Information shown →
☆ ☆ ☆ ☆
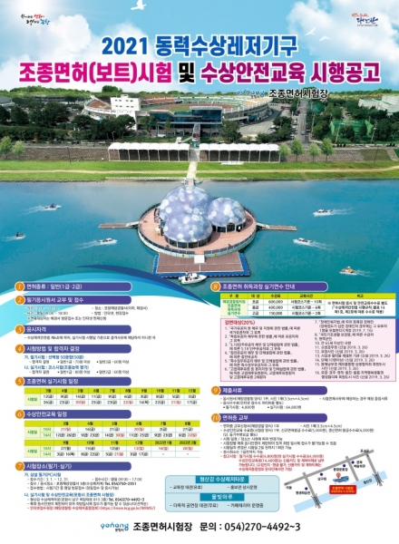 [한국Q뉴스] 포항시는 오는 3월부터 12월까지 2021년 동력수상레저기구 조종면허실기시험 20회와 수상안전교육 30회를 시행한다.
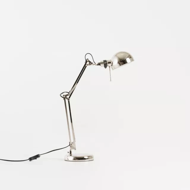 The Forså desk lamp from IKEA, crafted with nickel-plated steel, represents an elegant and durable lighting solution for professional workspaces. This desk lamp, falling under the category of table lamps, offers focused lighting, enhancing productivity and ensuring adequate illumination for tasks.
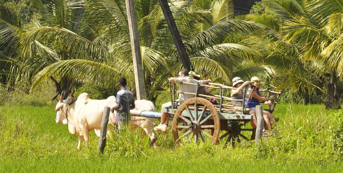 Esta experiência permitirá estar em contacto com a vida rural da população local. A excursão é feita utilizando os meios de transporte habituais da zona: inicia-se com um passeio num carro de bois e termina com um passeio de catamaran.
☆ ☆ ☆ ☆
Problem description → The copy must begin at the line containing "The Forså desk" and end at the last line of the data above, with every line retyped exactly and no pictures included.

Problem solution →
 The Forså desk lamp from IKEA, crafted with nickel-plated steel, represents an elegant and durable lighting solution for professional workspaces. This desk lamp, falling under the category of table lamps, offers focused lighting, enhancing productivity and ensuring adequate illumination for tasks.
 Esta experiência permitirá estar em contacto com a vida rural da população local. A excursão é feita utilizando os meios de transporte habituais da zona: inicia-se com um passeio num carro de bois e termina com um passeio de catamaran.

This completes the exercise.